- YOUR GOAL -
Apart from the pictures, which must be omitted, restate the data exactly.

INPUT DATA: Begin

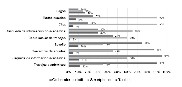 En ese sentido, el creciente uso de las TIC está dando lugar a que éstas formen parte de la vida cotidiana y académica, de ahí la importancia de incorporarlas en los procesos inclusivos. Los estudiantes indígenas utilizan con mayor frecuencia el smartphone para redes sociales, para intercambiar apuntes y para realizar trabajos grupales con compañeros; el ordenador portátil es más utilizado con fines académicos como la elaboración de trabajos y búsqueda de información; en menor medida se tiene el uso de la tableta, pues esta se usa para fines de ocio y diversión (Bernete, 2010; Sulmont, 2012).
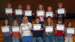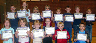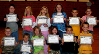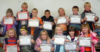 Those shown with purple bordered certificates achieved perfect attendance during the first quarter while those with red bordered certificates achieved outstanding attendance, missing only 1 day or less. |
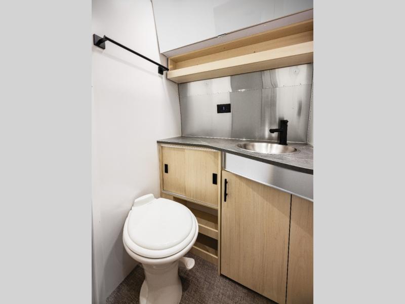 When you enjoy the finer things when traveling, this trailer will provide that for you plus lots of natural lighting and plenty of conveniences. The convertible rear dinette offers a place to dine and socialize for four, and there is a lounging area along the side with a TV on the wall. The table acts as a sturdy base below the cushions when you need some sleeping space. The front bedroom offers more panoramic windows and comfortable twin beds with a view each morning and night. There is floor space in the center and a nightstand for extra storage and charging space. You will find storage for your clothing, and a split bathroom with a half bath on one side and a shower that stands independently across the hall. And the kitchen offers everything you need to make meals including extra counter space and a refrigerator for leftovers. And there is a rear hatch option for this trailer. The Midnight Flamingo optional upgrade is also available on this model for even more striking style and functional upgrades!

INPUT DATA: End

- OUTPUT FOR THIS EXERCISE -
 En ese sentido, el creciente uso de las TIC está dando lugar a que éstas formen parte de la vida cotidiana y académica, de ahí la importancia de incorporarlas en los procesos inclusivos. Los estudiantes indígenas utilizan con mayor frecuencia el smartphone para redes sociales, para intercambiar apuntes y para realizar trabajos grupales con compañeros; el ordenador portátil es más utilizado con fines académicos como la elaboración de trabajos y búsqueda de información; en menor medida se tiene el uso de la tableta, pues esta se usa para fines de ocio y diversión (Bernete, 2010; Sulmont, 2012).
 Those shown with purple bordered certificates achieved perfect attendance during the first quarter while those with red bordered certificates achieved outstanding attendance, missing only 1 day or less. |
 When you enjoy the finer things when traveling, this trailer will provide that for you plus lots of natural lighting and plenty of conveniences. The convertible rear dinette offers a place to dine and socialize for four, and there is a lounging area along the side with a TV on the wall. The table acts as a sturdy base below the cushions when you need some sleeping space. The front bedroom offers more panoramic windows and comfortable twin beds with a view each morning and night. There is floor space in the center and a nightstand for extra storage and charging space. You will find storage for your clothing, and a split bathroom with a half bath on one side and a shower that stands independently across the hall. And the kitchen offers everything you need to make meals including extra counter space and a refrigerator for leftovers. And there is a rear hatch option for this trailer. The Midnight Flamingo optional upgrade is also available on this model for even more striking style and functional upgrades!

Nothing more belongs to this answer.